Crime & Courts

S.C. high court upholds death sentence

The death sentence of a killer who wanted to be a Mafia hit man has been upheld by the S.C. Supreme Court for two 2002 murders he committed in Richland County.

The sentence for Quincy Jovan Allen, 30, was "proper" and supported by ample aggravating circumstances that made him eligible for the death penalty, the Supreme Court ruled unanimously Monday.

The court's seven-page decision contained the details of Allen's grisly death odyssey over two months in 2002, in which he also killed two men in North Carolina.

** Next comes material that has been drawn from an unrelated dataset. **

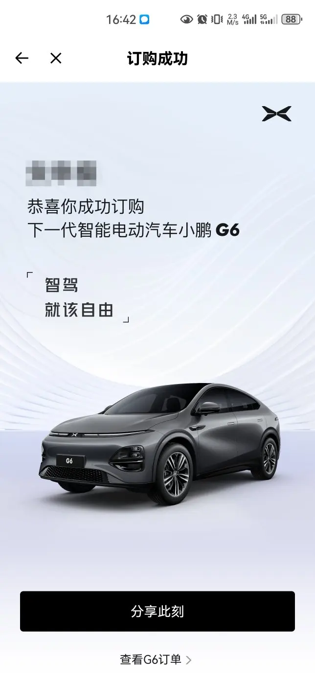 因为补贴政策规定合同时间需要在16号以后,销售就建议我把周末下订的小鹏G6退款(感觉锁单后其实也能退款),重新下个订单,以满足时间要求。
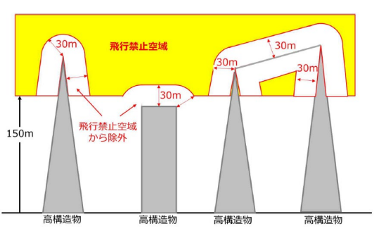ただし、この例外規定はあくまで「高さ150m以上」の許可が不要になるだけです。

That year, Allen shot and killed Dale Hale with a shotgun near I-77 in Columbia. He then doused her body with gasoline and set it on fire.

A month after that killing, Allen - again using a shotgun -shot and killed Jedediah Harr, a bystander in an argument Allen had with others outside the Texas Roadhouse Grill on Two Notch Road.

"Allen gave statements to police outlining the details of his crimes," the Supreme Court noted.

"He told police he began killing people because an inmate in federal prison, where Allen spent time for stealing a vehicle, had told him he could get him a job as a Mafia hit man."

Richland County Sheriff Leon Lott, whose department investigated the case, said "Allen is a cold-blooded killer, and he deserves to die.

"I'm glad the Supreme Court upheld the decision."

Before starting his death spree, Allen used a homeless man, James White, 51 - who was sitting on a bench in Finlay Park in downtown Columbia - for target practice.

Allen shot him twice to learn how to use his shotgun, the high court noted.

When sentenced in 2007, Allen, of Columbia, became the first person in Richland County in 10 years to receive the death penalty. In five other death penalty trials, from 1997 to 2000, defendants received life sentences. Richland County juries are known for handing down life sentences instead of death penalties.

But Allen's case was unusual in that a judge, not a jury, imposed the sentence.

Allen had pleaded guilty before Judge G. Gordon Cooper, and Cooper then heard testimony about whether Allen should get the death penalty or life.

Allen's lawyers contended the killer suffered from schizophrenia during his crime spree - but prosecutors said claims of mental illness were exaggerated.

Allen's lawyers also said he had suffered a horrendous childhood, shuffled among relatives. His mother once stuffed him in a trash can.

Allen also has pleaded guilty and been sentenced to death for killing the two North Carolina men in 2002.

Allen is on Death Row in the S.C. Department of Corrections.